There is IP (issued patents), plus there is the trade secret and know how. C4V patents fall under the composition of matter landscape, and such patents are very difficult to breach, plus it is easy to identify should there be any breach by others. In addition, lot of process know how, trade secrets on the supply chain, component engineering and know-how on a specific design that exists in C4V, which has been made available for licensing to C4V. In order for our molecules to work best in a specific system, these all (design, engineering, process, supply chain and high yield integration) need to work jointly, otherwise it would be difficult for someone to meet performance as well as cost simultaneously. A phone call with our customer or supply chain partnership would be quite valuable to learn more on this topic in detail, and C4V is willing to organize such a call.
ees International: Energy storage manufacturing is very challenging today. How does C4V plan and balance short-term commercial priorities vs. strategic product development priorities?

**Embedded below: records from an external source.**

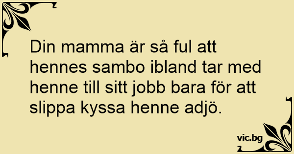 Din mamma är så ful att hennes sамво ibland tar med henne till sitt jobb bara för att slippa kyssa henne adjö.
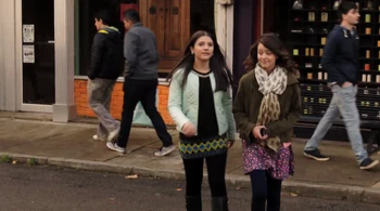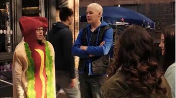 In Dress You Up, Zoë and Frankie are walking together down the street, and they approach Maya, who is in a hot dog costume, working to pay for a dress for the dance. They tease Maya about her work uniform, and Frankie takes a picture, intending to send it to Miles.
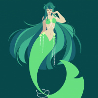 green hair, is wearing a shiny green and white swimsuit with pearls around the neckline and at her waist, and she has a tail that resembles a fish's fin. The background is a gradient of teal and
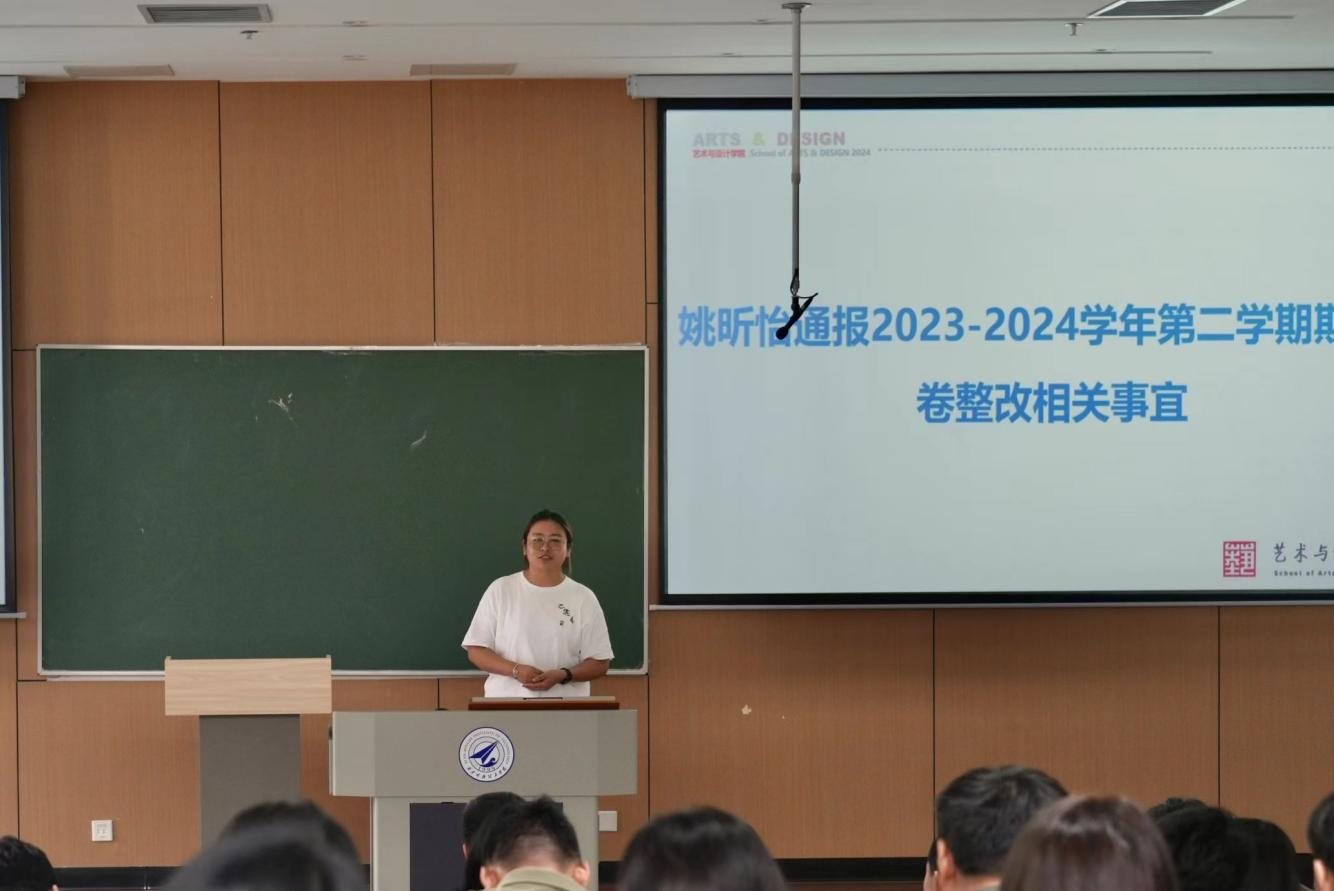 教务员姚昕怡老师通报2023-2024学年第二学期期末试卷整改情况。为了扎实推进评建工作,学校邀请专家进校对期末试卷进行了专项检查,并下发了关于试卷专项整改的文件,要求所有阅卷老师对标对本,针对专家提出的意见,认真完成整改,全面提升学院试卷命题及批改质量。
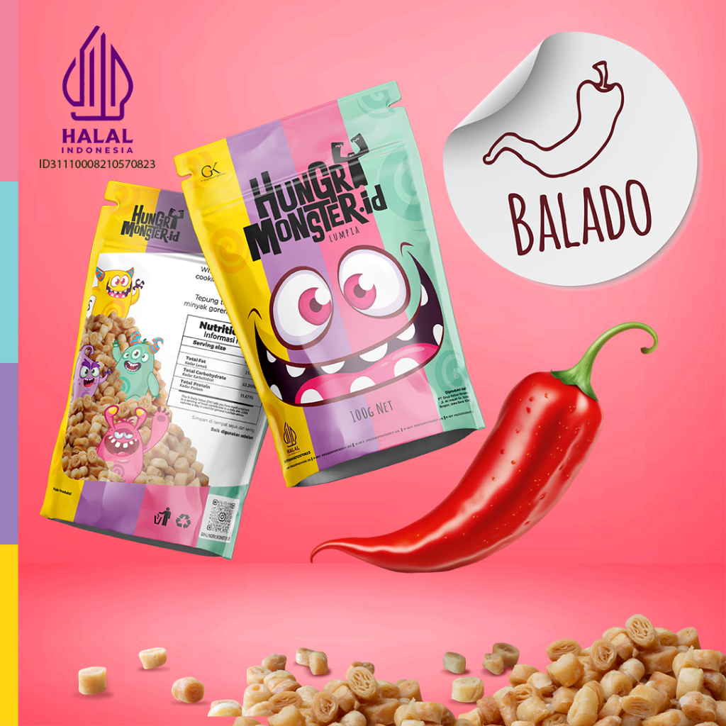 Hadirkan sensasi pedas manis khas Indonesia dengan Hungry Monster Rasa Balado! Camilan lumpia kering ini memadukan kerenyahan yang sempurna dengan bumbu balado yang kaya rempah. Setiap gigitan membawa kelezatan pedas yang pas untuk menemani waktu santai atau menjadi teman saat bekerja. Diproduksi dengan standar tinggi dan bersertifikat halal, Hungry Monster Rasa Balado siap menjadi pilihan camilan favorit bagi pecinta rasa pedas. Yuk, coba sekarang!
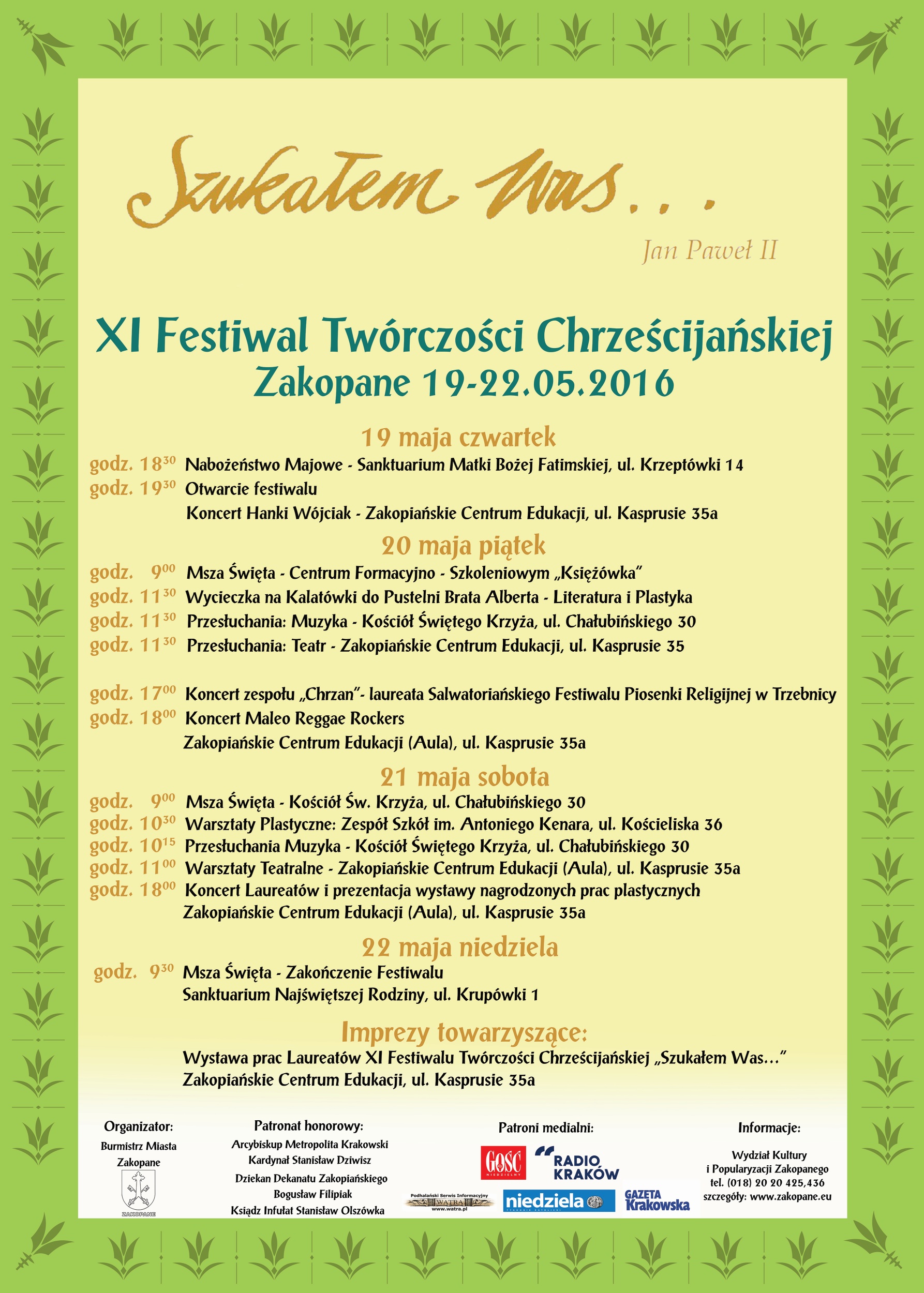 W dniach 19-22 maja 2016r. w Zakopanem odbędzie się XI Festiwal Twórczości Chrześcijańskiej „Szukałem Was…”. Festiwal jest świętem młodości i kultury, odbywającym się corocznie z okazji Dni Zakopanego, które uchwałą Rady Miasta Zakopane z31 lipca 2002 roku zostały ustanowione dla upamiętnienia wizyty Ojca Świętego Jana Pawła II pod Tatrami w czerwcu 1997 roku.
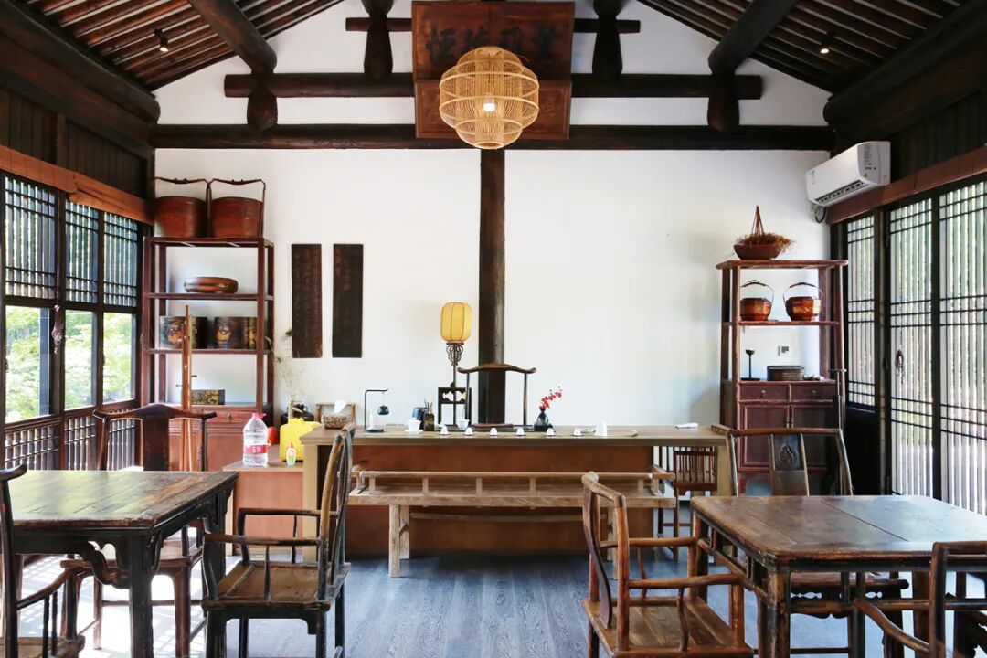 走进三座小茅屋包间以及大茅屋大厅,可以看到茶室清雅,木制家具,古色古香。
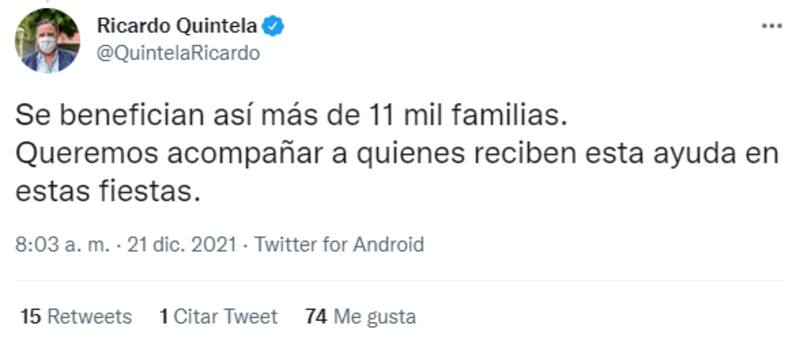 "Se benefician así más de 11 mil familias. Queremos acompañar a quienes reciben esta ayuda en estas fiestas", enfatizó Quintela.
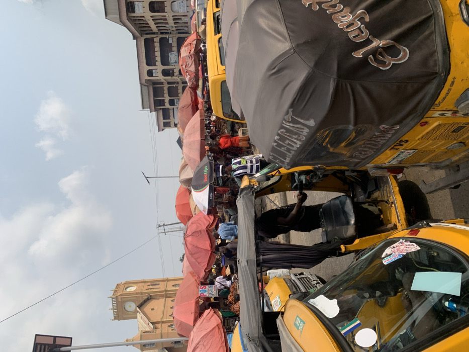 This image depicts a bustling street market scene in Lagos, Nigeria, specifically near St
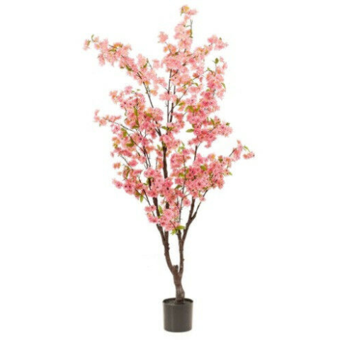 175 cm magas, rózsaszín virágos élethű cseresznyevirág fa fekete cserépben, romantikus és látványos dekoráció.

Both are to be done parallel. The key is to find the "low-hanging fruit" market and get in fast and secure POs, and get on a fast scale to revenue generation in a couple of these markets (C4V is already doing so with cell tower market and smaller off-grid segment), while have both NPI (new product introduction) and CIP (continuous improvement process) happening in parallel. Both NPI and CPI should have a target market, and the key again is to have customers lined up for the new products. We are happy to share our NPI and CPI roadmap for the technical as well as the commercial plan.
ees International: What are the major challenges an energy storage company faces today?
We ensure that a balance between DfC (design for cost) and DfM (design for manufacturability) is followed rigorously so that "must have" customer features are not compromised at all while scaling up. This includes life, reliability, and safety while reducing cost. While we design a product for the stationary market, we have been able to manage minimum changes on various components except one, adding which dramatically changes the lifetime of the battery (1000 cycles Vr 3000 cycles); on the other hand for vertical takeoff and landing (future product), we have designed a cell that uses the same class of material and design, but changes in other component to get higher energy and higher power density, but lower cycle life (~1000 cycles).
ees International: What's the next major feature C4V has in development and how long will it take to get that to market?
For the mobility market, the solid-state battery is the Holy Grail for lithium batteries. We are already sending semi-solid state cells for commercial testing, which planned to be in commercial production by the year 2023. Last year we were able to demonstrate a working solid state cell in a conference where more than 200 people watched us when we lit a light bulb with our solid-state battery.
However, we are diligently working on 2nd generation battery design that would not require any cooling up to 65°C, which we can produce in small size today; however more optimization on supply chain and processes is needed for commercial production. For Q4 2019 we are aiming to start supplying commercial design and this is expected to be in commercial production by 2021.
For the grid size stationary market, long duration storage capacity is the next big thing and we are working on a very unique battery chemistry coupled with deploying AI, and we hope to offer storage capability for days and possibly weeks instead of 2 to 4 hours; this is scheduled for mass production in 2020.